=== Supplied information ===
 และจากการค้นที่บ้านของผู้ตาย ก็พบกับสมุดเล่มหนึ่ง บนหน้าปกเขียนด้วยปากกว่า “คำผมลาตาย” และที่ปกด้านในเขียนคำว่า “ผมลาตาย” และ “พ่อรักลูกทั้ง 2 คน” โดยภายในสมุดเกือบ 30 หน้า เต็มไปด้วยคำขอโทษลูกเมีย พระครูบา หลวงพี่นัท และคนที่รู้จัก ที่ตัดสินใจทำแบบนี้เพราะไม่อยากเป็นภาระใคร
===
=== Supplied information ===
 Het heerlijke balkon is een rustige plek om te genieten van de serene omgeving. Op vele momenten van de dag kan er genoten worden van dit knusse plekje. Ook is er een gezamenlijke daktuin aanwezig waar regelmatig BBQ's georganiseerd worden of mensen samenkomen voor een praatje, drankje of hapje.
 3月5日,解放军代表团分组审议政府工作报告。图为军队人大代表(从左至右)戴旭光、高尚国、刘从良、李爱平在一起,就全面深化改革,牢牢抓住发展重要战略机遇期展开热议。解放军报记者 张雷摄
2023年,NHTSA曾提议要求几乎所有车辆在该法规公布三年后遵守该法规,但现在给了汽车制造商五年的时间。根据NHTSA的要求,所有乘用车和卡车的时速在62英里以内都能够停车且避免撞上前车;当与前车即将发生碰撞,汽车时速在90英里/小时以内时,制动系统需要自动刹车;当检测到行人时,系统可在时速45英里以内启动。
===
* **Exercise goal**: Look above for the line with "Het heerlijke balkon" and the line with "2023年,NHTSA曾提议", and reproduce exactly those two lines plus every line between, nothing more.

* **Response for this exercise**:
 Het heerlijke balkon is een rustige plek om te genieten van de serene omgeving. Op vele momenten van de dag kan er genoten worden van dit knusse plekje. Ook is er een gezamenlijke daktuin aanwezig waar regelmatig BBQ's georganiseerd worden of mensen samenkomen voor een praatje, drankje of hapje.
 3月5日,解放军代表团分组审议政府工作报告。图为军队人大代表(从左至右)戴旭光、高尚国、刘从良、李爱平在一起,就全面深化改革,牢牢抓住发展重要战略机遇期展开热议。解放军报记者 张雷摄
2023年,NHTSA曾提议要求几乎所有车辆在该法规公布三年后遵守该法规,但现在给了汽车制造商五年的时间。根据NHTSA的要求,所有乘用车和卡车的时速在62英里以内都能够停车且避免撞上前车;当与前车即将发生碰撞,汽车时速在90英里/小时以内时,制动系统需要自动刹车;当检测到行人时,系统可在时速45英里以内启动。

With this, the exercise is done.